Expect changes to tax codes

The current tax code will look different. Unfortunately, we just don’t know how much change to expect. 

Current proposals include reworking some of the tax brackets and thresholds, raising capital gains rates, lowering lifetime exclusions for gifts and estates, eliminating stepped-up basis, removing 1031 like-kind exchanges, and taxing transfers to family.

Your specific situation will dictate how these changes would affect you, but let’s walk through some potential situations that could happen if certain proposals become law:

Assets. For one, as the lifetime exclusion steadily increased in recent years and with portability between spouses, use of “his-and-her” trusts changed. Given some proposals, spouses may find it advantageous to separate assets.

Farm structure. Restructuring capital gains rates’ preferential treatment will affect succession and transition planning as the next generation takes over the business. Changes in how the net investment income tax defines income from a business may affect S corporation owners and LLC members.

Gifting. Whether stepped-up basis survives congressional negotiations will affect your decision to gift the farm to your heir or pass it as an inheritance. Current proposals not only affect the estate tax, but also the income taxes of the surviving spouse and heirs. Land isn’t the only item to benefit from stepped-up basis. Also consider crop, livestock and machinery values.  

Eyes on capital gains tax

Farm country possibly feels most concerned about the proposal to tax capital gains when assets transfer to heirs through gifts or upon death.

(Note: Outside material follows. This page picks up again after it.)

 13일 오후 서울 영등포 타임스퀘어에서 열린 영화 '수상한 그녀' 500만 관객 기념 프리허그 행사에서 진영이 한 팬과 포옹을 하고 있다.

Under current proposals, the first $1 million of transfers would be exempt. Transfers valued beyond that would have capital gains assessed just as if the assets were sold, even though they weren’t.

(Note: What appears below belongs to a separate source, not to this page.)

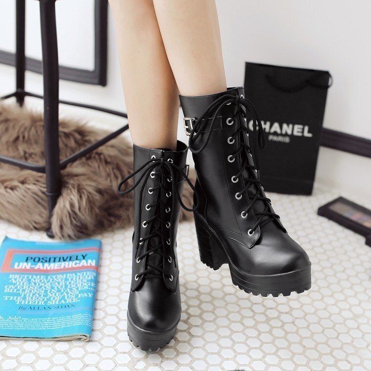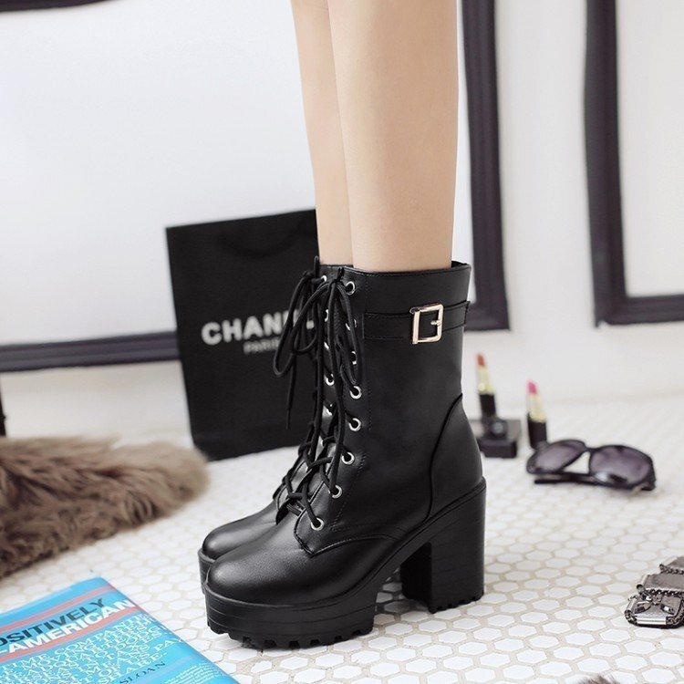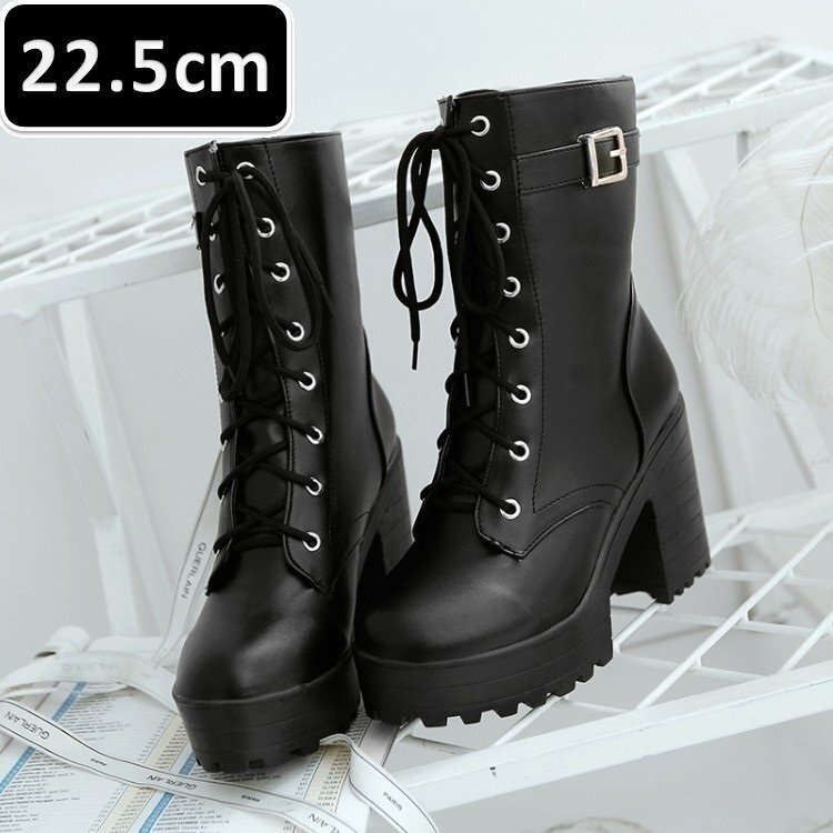 厚底 ショートブーツ ブラック 22.5cm 編み上げ 太ヒール 厚底ソール レースアップ ローヒール カジュアルシューズ コスプレ シンプル

If you leave your heirs farmland, livestock and machinery, then the capital gains on each would need to be paid. However, heirs who keep assets wouldn’t have the cash flow from sales to cover the taxes. Would this require selling the farm to pay the tax? 

This new tax could be deferred for “family-owned and -operated” farms. How that term is defined will become vitally important. Will it only include lineal descendants? If you leave farmland to your kids and they want to keep it but rent it, will this arrangement count as family-operated?

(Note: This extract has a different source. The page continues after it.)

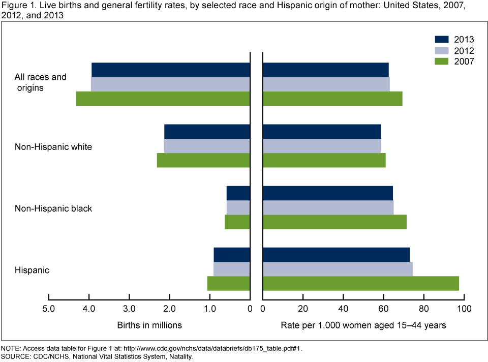 - General fertility rates were down 1% for non-Hispanic black and 2% for Hispanic women from 2012 to 2013, but rose slightly (less than 1%) for non-Hispanic white women. GFRs declined for all race and Hispanic origin groups from 2007 through 2013.

Of course, the deferred tax — presumably with interest — would be due as soon as the land wasn’t operated by family. 

You can take action

Proactive farmers have asked if they should act now while under current law. Unfortunately, we don’t know whether new policies would apply retroactively. At least one proposal would affect transfers made after Dec. 31, 2020. It’s dangerous to jump and find out later you shot yourself in the foot.

Unless your crystal ball is in better shape than mine, you won’t know how to proceed until we get more clarity. However, you can take two important steps now:

1. Talk about transition. You and your spouse should spend a little time to consider your assets and develop a plan for how you want to treat your heirs.

2. Find an estate attorney. If you aren’t already working with an estate planning attorney, then you need to find one today. This is critical because you may only have a short time to make changes to your estate plan after Congress passes legislation. If that is the case, then all attorneys worth their salt will be overwhelmed assisting existing clients who are scrambling to make changes, and you’ll have an impossible task if you try to get a first-time appointment. Do your homework now, and find someone you trust to advise you. 

If you want to pass your farm to the next generation, then get organized, and prepare to make educated decisions quickly if necessary.